▶ **Supplied data**:
■ ■ ■

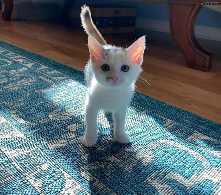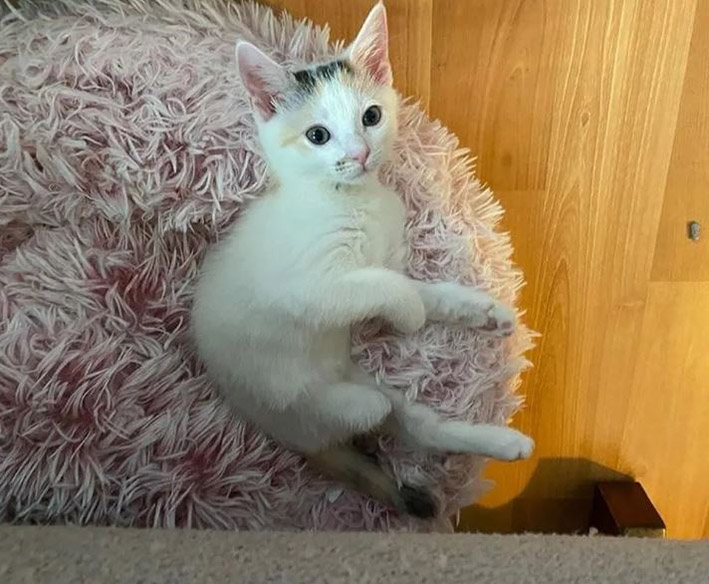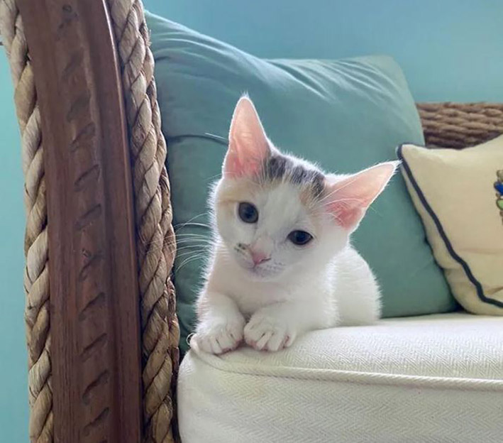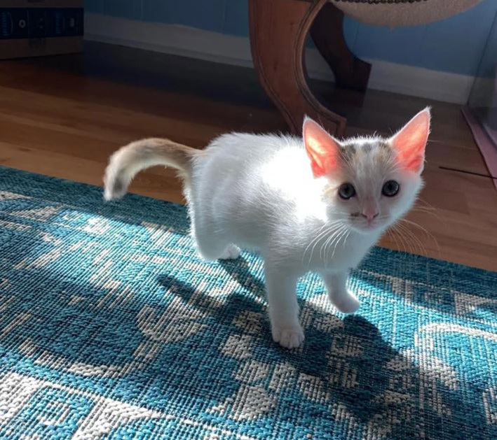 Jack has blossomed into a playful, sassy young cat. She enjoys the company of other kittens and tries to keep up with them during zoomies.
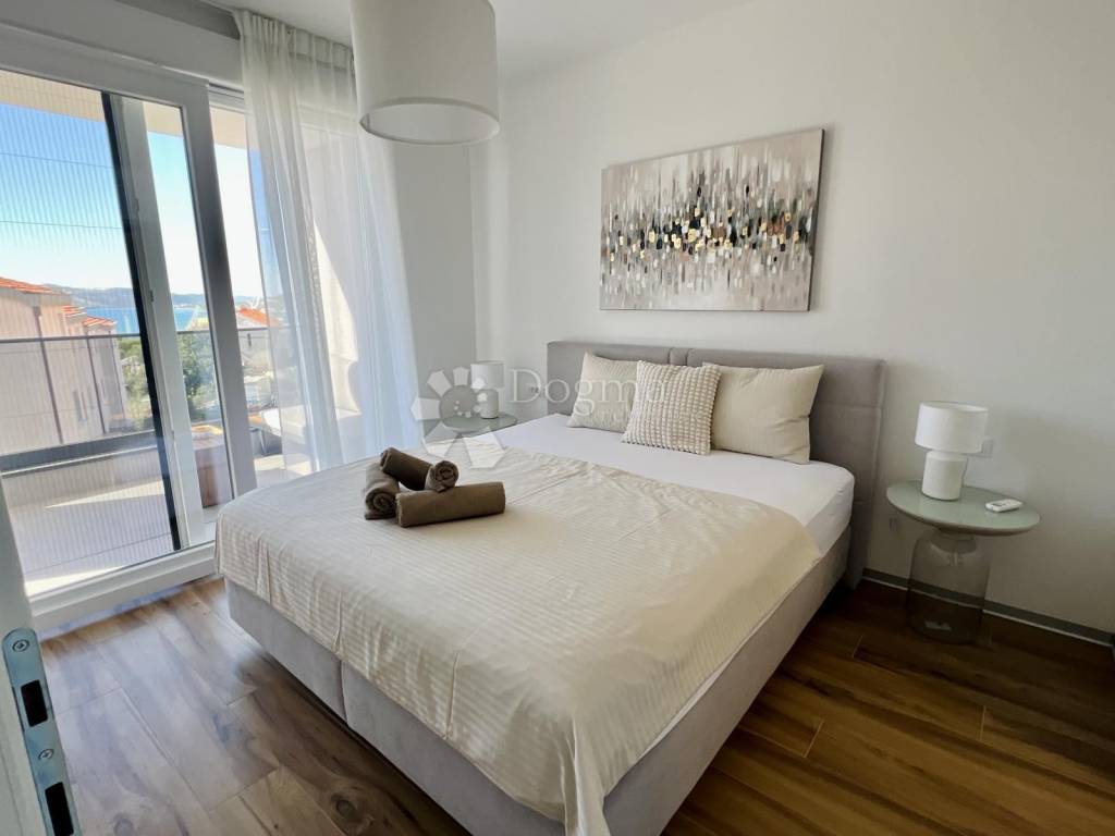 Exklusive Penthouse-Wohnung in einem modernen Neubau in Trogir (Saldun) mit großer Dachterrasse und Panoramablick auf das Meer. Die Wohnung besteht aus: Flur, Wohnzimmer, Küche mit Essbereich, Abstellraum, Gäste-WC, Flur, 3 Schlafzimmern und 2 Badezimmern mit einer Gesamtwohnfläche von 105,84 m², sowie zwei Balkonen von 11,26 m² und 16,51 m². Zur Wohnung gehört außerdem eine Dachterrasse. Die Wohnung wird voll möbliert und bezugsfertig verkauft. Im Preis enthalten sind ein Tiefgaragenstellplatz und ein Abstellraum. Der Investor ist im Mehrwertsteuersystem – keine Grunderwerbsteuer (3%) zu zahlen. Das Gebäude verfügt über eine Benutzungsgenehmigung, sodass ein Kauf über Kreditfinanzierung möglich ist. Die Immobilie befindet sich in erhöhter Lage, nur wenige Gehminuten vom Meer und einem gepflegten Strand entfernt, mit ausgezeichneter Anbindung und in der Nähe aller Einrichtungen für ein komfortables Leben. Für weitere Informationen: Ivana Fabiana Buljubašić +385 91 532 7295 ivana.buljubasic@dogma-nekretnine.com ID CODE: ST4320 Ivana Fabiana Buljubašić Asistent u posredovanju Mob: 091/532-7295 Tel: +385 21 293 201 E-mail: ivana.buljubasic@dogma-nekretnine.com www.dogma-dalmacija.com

■ ■ ■

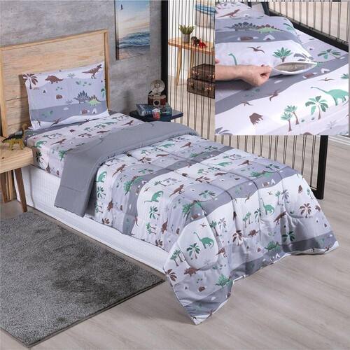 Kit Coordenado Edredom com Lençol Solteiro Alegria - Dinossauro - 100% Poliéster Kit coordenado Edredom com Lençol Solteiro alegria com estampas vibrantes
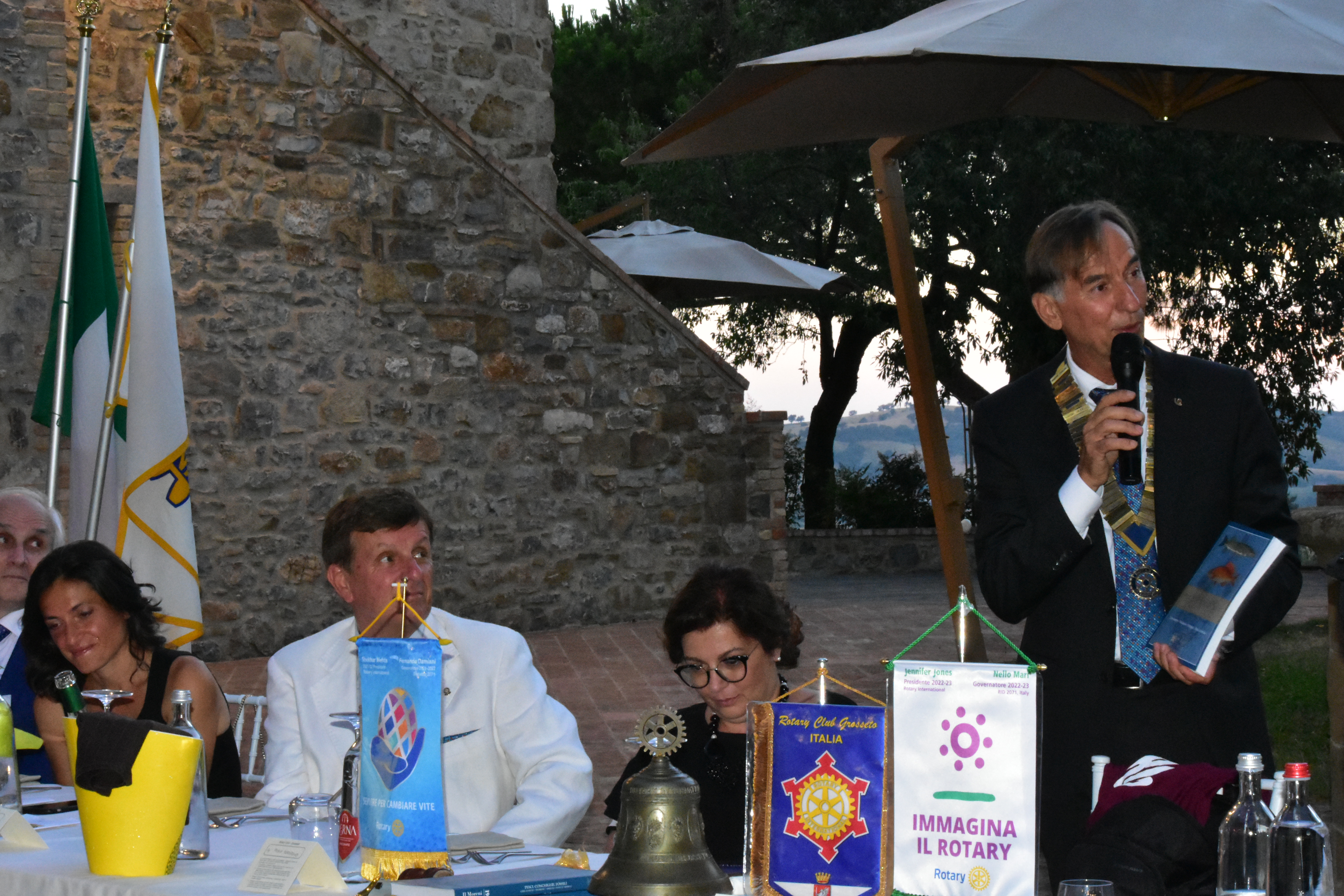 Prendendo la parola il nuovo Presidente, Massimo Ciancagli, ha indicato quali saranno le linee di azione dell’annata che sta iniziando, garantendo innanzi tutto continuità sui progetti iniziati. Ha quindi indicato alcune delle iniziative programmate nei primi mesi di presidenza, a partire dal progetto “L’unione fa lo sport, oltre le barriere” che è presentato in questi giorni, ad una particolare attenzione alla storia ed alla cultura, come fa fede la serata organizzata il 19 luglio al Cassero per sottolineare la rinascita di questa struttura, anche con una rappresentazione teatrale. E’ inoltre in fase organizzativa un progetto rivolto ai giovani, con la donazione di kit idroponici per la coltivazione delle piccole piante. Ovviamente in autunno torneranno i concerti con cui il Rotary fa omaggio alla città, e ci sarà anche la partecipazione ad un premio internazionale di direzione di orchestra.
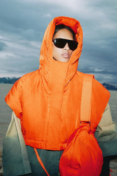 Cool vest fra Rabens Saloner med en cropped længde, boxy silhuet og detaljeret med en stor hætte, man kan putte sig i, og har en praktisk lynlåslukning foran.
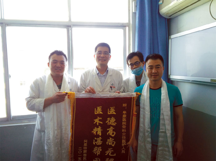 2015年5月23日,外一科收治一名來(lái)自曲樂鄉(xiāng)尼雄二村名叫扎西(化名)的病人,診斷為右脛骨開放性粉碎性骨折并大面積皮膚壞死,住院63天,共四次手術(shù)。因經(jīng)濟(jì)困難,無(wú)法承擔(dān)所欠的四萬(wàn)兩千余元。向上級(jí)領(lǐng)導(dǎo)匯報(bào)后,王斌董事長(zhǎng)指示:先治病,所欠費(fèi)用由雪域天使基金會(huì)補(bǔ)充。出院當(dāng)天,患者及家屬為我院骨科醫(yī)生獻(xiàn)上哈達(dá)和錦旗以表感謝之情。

■ ■ ■

▶ **Assignment**: Nothing but the lines from the one containing "Cool vest fra" through the one containing "2015年5月23日,外一科" should appear, copied exactly from the material above and without pictures.

▶ **Task answer**:
 Cool vest fra Rabens Saloner med en cropped længde, boxy silhuet og detaljeret med en stor hætte, man kan putte sig i, og har en praktisk lynlåslukning foran.
 2015年5月23日,外一科收治一名來(lái)自曲樂鄉(xiāng)尼雄二村名叫扎西(化名)的病人,診斷為右脛骨開放性粉碎性骨折并大面積皮膚壞死,住院63天,共四次手術(shù)。因經(jīng)濟(jì)困難,無(wú)法承擔(dān)所欠的四萬(wàn)兩千余元。向上級(jí)領(lǐng)導(dǎo)匯報(bào)后,王斌董事長(zhǎng)指示:先治病,所欠費(fèi)用由雪域天使基金會(huì)補(bǔ)充。出院當(dāng)天,患者及家屬為我院骨科醫(yī)生獻(xiàn)上哈達(dá)和錦旗以表感謝之情。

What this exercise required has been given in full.